Gallery of the Politically Incorrect

October 10, 1993|By Rob Hiaasen | Rob Hiaasen,Staff Writer

Build a soapbox and they will come.

2 "I could get shot in many countries for that." Name: Harry Baldyga

Age: 65

Residence: Catonsville

Occupation: Insurance agent

Last year, Harry Baldyga and his son went to an Orioles game at Camden Yards. His son was keeping score, when a twentysomething fan leaned over and asked: "What are you doing?"

"We're keeping score."

"What's that?" the intruder said.

Something sacred and living died just then in Mr. Baldyga. He hasn't felt the same about the new park since. He wonders about the type of crowd that goes there. What, they don't keep score themselves anymore? What, they need a fancy scoreboard?

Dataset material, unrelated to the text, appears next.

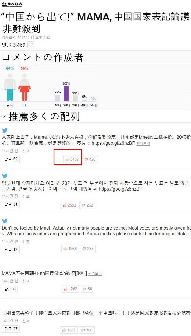 (( 이 사태를 보도한, 한국 인터넷 댓글 공간도, '중국인'이 댓글 작성. 추천수 3000 명. 이상 ))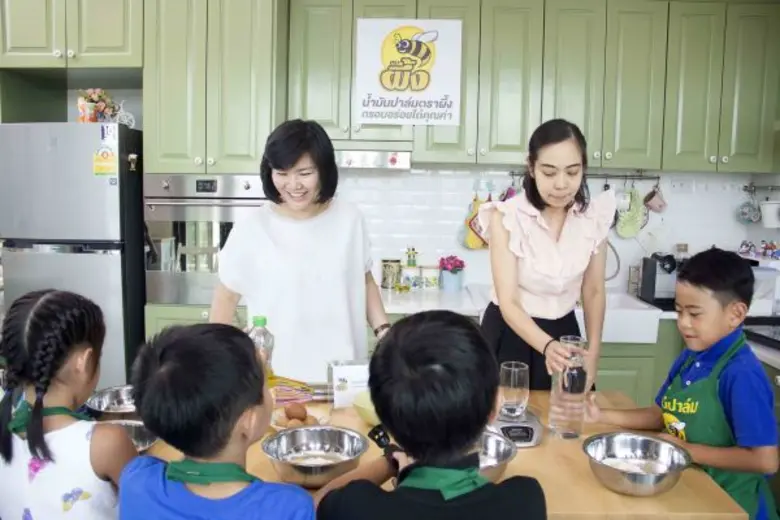 ธิดารัตน์ ควรทรงธรรม กรรมการบริษัท กลุ่มปาล์มธรรมชาติ กล่าวว่า กิจกรรมนี้เป็นส่วนหนึ่งของความสำคัญในการดำเนินธุรกิจของน้ำมันปาล์มตราผึ้งที่ควบคู่ไปกับการส่งเสริมความรู้ ความเข้าใจในเรื่องโภชนาการที่ดีของเยาวชนไทย และเป็นโครงการต่อยอดแนวคิดมาจากโครงการ 'ผึ้งทุนธรรมชาติ เพื่ออาหารกลางวันในโรงเรียน' ที่ได้ทำมาอย่างต่อเนื่อง และสำหรับปีนี้ ได้สานต่อโครงการดังกล่าว จัดเวิร์คช็อป โครงการ 'ผึ้งชวนน้องเข้าครัว - - ปรุงด้วยรัก เพิ่มทักษะการเรียนรู้' สำหรับเด็กๆ วัย 7 ขวบ ด้วยความเชื่อว่า เมื่อเด็กๆ ได้เรียนรู้และลงมือทำในสิ่งที่ตนเองรัก คุณค่าทางใจและกายย่อมเกิดขึ้นอย่างสร้างสรรค์ ว่าแล้วน้องๆ ทั้ง 5 คนในวัยสดใส พร้อมแล้วที่จะร่วมกันบรรเลงขนมแสนอร่อย 'คัพเค้กผึ้ง' โดยมีคุณครูใจดี 'ออม-อัญมณี ภู่ภักดี' ที่มีดีกรีในการทำอาหารและเบเกอรี่ แนวศิลปะจากประเทศญี่ปุ่น มาช่วยสอนน้องๆ พร้อมเติมเต็มทักษะต่างๆ สู่จินตนาการสร้างสรรค์ที่จะทำให้เด็กๆ ได้ปล่อยพลังกันเต็มที่ เมื่อน้องๆ ได้สร้างสรรค์เค้กฝีมือของตัวเองเรียบร้อยแล้ว หลังจากนั้นนำมาจัดแต่งด้วยผึ้งและปักธงเพิ่มความเก๋ไก๋ คราวนี้น้องๆ ส่งเสียงวิ้วว้าว กันยกใหญ่- - "โอ้..มาย ก๊อด ทำได้ไงเนี่ย! คัพเค้กแสนอร่อย" ว่าแล้วยิ้มน้อยยิ้มใหญ่ รีบเก็บใส่กล่องเอาไปฝากคุณพ่อคุณแม่ และคนที่บ้านให้ลิ้มลองรสมือของตนเอง มหัศจรรย์ของการ 'ปรุงด้วยรัก เพิ่มทักษะการเรียนรู้' สู่จินตนาการแห่งการสร้างสรรค์ที่ให้ทั้งความรู้ ความสนุก ความรัก และความภูมิใจที่ได้แสดงออก เพื่อเสริมสร้างเยาวชนรุ่นใหม่เปี่ยมคุณภาพ

This season, he didn't go to a single game at Camden Yards. And it wasn't because he couldn't get tickets.

He went to see a couple of Bay Sox games at Memorial Stadium. It just feels better walking out of Memorial Stadium after a game, he says.

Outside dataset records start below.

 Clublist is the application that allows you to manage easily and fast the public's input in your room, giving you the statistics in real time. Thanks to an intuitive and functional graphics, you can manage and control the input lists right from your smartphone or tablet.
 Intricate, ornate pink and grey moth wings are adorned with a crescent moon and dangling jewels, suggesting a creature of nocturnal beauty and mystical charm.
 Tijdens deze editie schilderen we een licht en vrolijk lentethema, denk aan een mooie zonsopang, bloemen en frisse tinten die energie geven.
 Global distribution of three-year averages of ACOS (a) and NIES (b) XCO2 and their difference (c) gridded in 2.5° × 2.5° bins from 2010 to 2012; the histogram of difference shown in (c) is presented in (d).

' "I miss the old place." Name: Joyce Logan

Age: 44

Residence: Canton

Occupation: Hospital admitting representative

Call it a calling. Instead of "the horror, the horror," Joyce Logan thought Marlon Brando in "Apocalypse Now" was muttering "the harbor, the harbor."

Last year, Ms. Logan left Timonium for Canton.

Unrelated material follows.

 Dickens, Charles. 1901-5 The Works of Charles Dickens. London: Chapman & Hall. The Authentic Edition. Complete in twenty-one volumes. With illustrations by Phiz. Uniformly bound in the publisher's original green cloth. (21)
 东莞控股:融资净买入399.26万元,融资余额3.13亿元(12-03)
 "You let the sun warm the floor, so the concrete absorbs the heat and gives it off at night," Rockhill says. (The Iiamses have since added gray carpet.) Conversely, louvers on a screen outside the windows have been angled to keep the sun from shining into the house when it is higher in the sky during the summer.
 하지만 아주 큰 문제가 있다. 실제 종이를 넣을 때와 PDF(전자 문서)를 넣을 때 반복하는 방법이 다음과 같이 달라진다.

"I fled the suburbs. Abnormal people there. If you take your dog for a walk, people kind of watched you to make sure your dog wouldn't take a leak on their chemically sprayed lawn. Really weird people. They watch you, size you up to see if you are worthy of getting to know.

"I like the city. The people are real. They are not trying to put on airs. They are just trying to live their lives."

Name: Eric Samuelson

Age: 41

Residence: Ellicott City

Occupation: Trainer in management consulting

For 10 years, Mr. Samuelson has been conducting workshops in management consulting. He's very careful to use gender-neutral terms when talking about women. Recently, he was addressing a group of 40 people at a Baltimore workshop.

While passing along an anecdote, he referred to two women in their 20s as "girls."

"In the room was a lady, an admitted political liberal. After the workshop, she caught me in the hall and thanked me for my very gender-neutral commentary. She said, 'But frankly, Eric, I thought you'd like to know the use of the word 'girls' is outmoded.' "

Oh.

"I said good point, etc., etc., and walked away."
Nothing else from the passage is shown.